А эти ребятки не такие уж и дураки, думает Немец. И ему вдруг мучительно захотелось, чтобы тут прекратился «бардак» и наступил «порядок». Зачем? А просто так, назло этим самоуверенным соотечественникам. А в самом деле, что нужно для того, чтобы в Западной Германии навести «порядок»? Покончить с чувством вины за прошлое, создать свою мощную армию и восстановить подлинную демократию, т.е. дать возможность большинству отстаивать свои интересы и защищаться от претензий меньшинства. Иначе говоря, немцам нужна чистая совесть, независимость и здоровье.
Память
Они летели над степью, растянувшейся на десятки километров. Ведущий, командир эскадрильи, пел «За вечный мир, в последний бой летит стальная эскадрилья». Они, ведомые, подпевали каждый для себя. Для некоторых экипажей этот бой действительно был последним, в том числе для самого командира эскадрильи. Перед тем как дать команду «По машинам!», командир, двадцатитрехлетний весёлый парень, уже ставший майором и Героем Советского Союза, сказал, сверкнув ослепительно белыми зубами: «Украсим Родину трупами врагов!» И он был сбит первым. Но он не украсил Родину даже своим собственным трупом: его машина взорвалась в воздухе, и он испарился.
Приближалась весна. Начал таять снег. На полях обнажились трупы солдат, убитых во время зимнего наступления и занесённых снегом. Трупы так и оставили под снегом до весны. И вот они обнажились. Точки на снегу такого страшного цвета, для которого в живописи нет названия. Тысячи и тысячи точек. Километр за километром. Эскадрилья снизилась до бреющего полёта: посмотреть, свои это или враги. Но различить своих и врагов не удалось: трупы всегда нейтральны.

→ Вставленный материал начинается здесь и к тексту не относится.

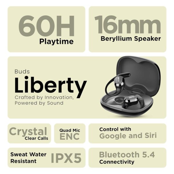 • 🎵 Immersive Audio Experience: Experience multidimensional sound that puts you at the center of your audio world with Buds Liberty’s 360Spatial Audio Experience. These Open Ear Earbuds (OWS) transforms your listening experience, ensuring every detail surrounds you in perfect harmony. Enjoy immersive surround sound and detailed, rich audio quality, thanks to the powerful 16mm beryllium speakers that deliver an unparalleled auditory experience.
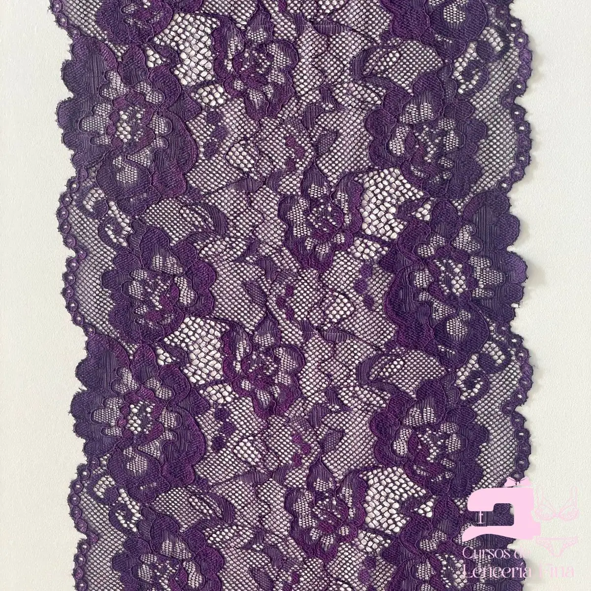 Encaje elástico color entero con diseño Belinda Morado. Tela de encaje con textura suave, ligero relieve y transparencia con diseños florales en un solo tono uniforme. Ideal para brasieres, bralettes y lencería fina. Ofrece elasticidad, comodidad y un acabado delicado y femenino.
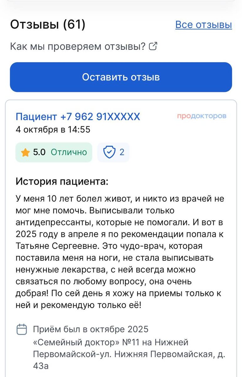 ❗ К сожалению, не всегда успеваю поблагодарить пациентов за их отзывы, появляющиеся на разных ресурсах в интернете. Ну вот сейчас заметила свежий отзыв на сайте Продокторов от пациентки, с которой мы и правда прошли непростой путь к здоровому ЖКТ. Спасибо ей большое, что нашла время написать отзыв. Не устану повторять, что человеческая благодарность - всегда награда для доктора‼
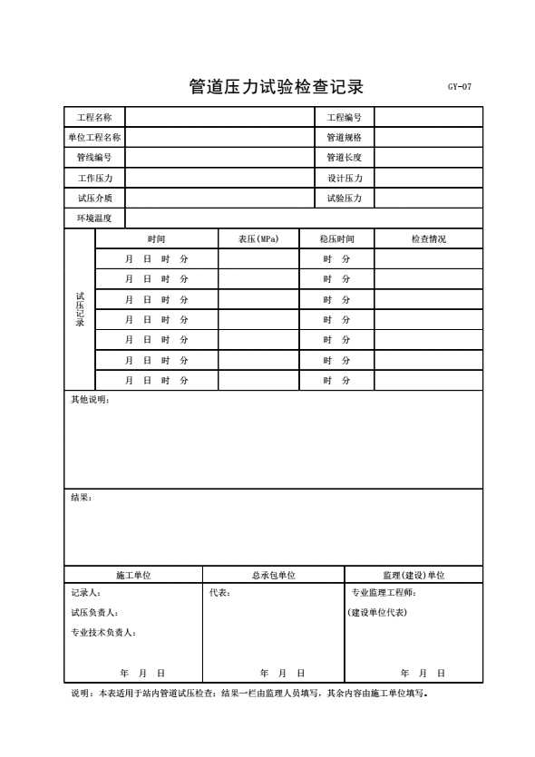 表格名称:GY-07 管道压力试验检查记录
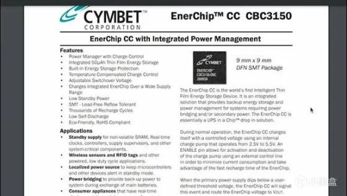 然后他就找到了一款薄膜全固态电池CBC3150。虽然很稀罕,但是它会流失的电流很低,又小又方便,简直是作为辅助电容的绝配。
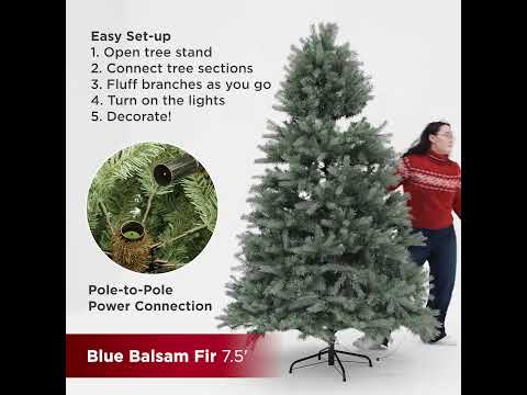 This Christmas, bring one of our Universal Christmas trees into your home and create a cozy and nostalgic holiday atmosphere. Our pre-lit 7.5 ft. Twinkling Blue Balsam Fir Tree is no exception to this rule. Full branches and hinged construction ensure continued durability over the years. The Dual LED bulbs can alternate between white and multicolor lights and include a switch to control different light functions, allowing the bulbs to twinkle on either color setting. The soft, warm glow of the lights is a popular choice for those looking to evoke a traditional and inviting Christmas ambiance.
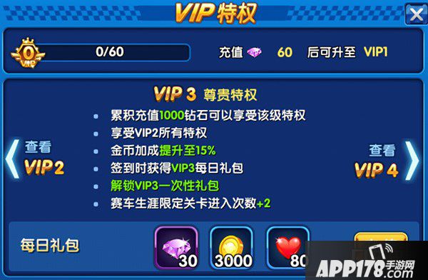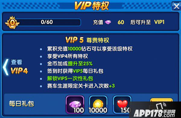 APP178手游网>跑跑卡丁车手机版>游戏攻略>VIP不同等级需要充值多少钻石 VIP特权一览

Как будет выглядеть поле битвы в будущей войне, подумал он. И будут ли вообще трупы? Труп человека есть продолжение его существования. Могила человека есть часть его жизни, есть её продолжение. Общество без трупов и могил — ужаснее ничего не придумаешь.

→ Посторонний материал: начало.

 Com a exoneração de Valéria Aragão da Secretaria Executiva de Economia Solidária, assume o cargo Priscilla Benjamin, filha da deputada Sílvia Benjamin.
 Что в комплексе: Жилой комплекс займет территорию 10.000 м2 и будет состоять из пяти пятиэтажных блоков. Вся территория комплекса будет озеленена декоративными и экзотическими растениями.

В тот полет ему вдруг стало страшно. Но не оттого, что его могли сбить. А оттого, что он вместе с самолётом взорвётся в воздухе, как их командир, или от удара о землю, как его ведомый, и от него ничего не останется. Буквально ничего. Все куда-то испарится. Новые сапоги и новый широкий офицерский ремень, которым он очень дорожил. Ордена. И фотография девочки, в которую он был влюблён в школе. Не останется абсолютно ничего. Как будто его не было совсем. Страшна не смерть сама по себе, думал он, а сознание того, что будет так, как будто тебя совсем не было. Человек биологически и исторически сформировался так, что могилы предков стали частью его жизни. То, что людей убивают и будут убивать, это нормально. Ненормально то, что не остаётся могил предков. Каких только лозунгов тут нет! И ни одного — о праве человека на могилу.
Они
Мысли его снова переключаются на демонстрацию. Западный массовый человек, думает он, глядя на пёструю толпу демонстрантов, похожую скорее на карнавал, чем на политическую демонстрацию, есть существо очень странное. Он изобретает великолепные электрические бритвы и после этого начинает отращивать бороду. Изобретает замечательные одежды, а облачается в бесформенные балахоны или обнажается совсем. Изобретает умопомрачительные кушанья и начинает голодать во имя здоровья. Развивает технику мгновенного уничтожения миллионов людей и начинает ожесточённую борьбу за её запрещение.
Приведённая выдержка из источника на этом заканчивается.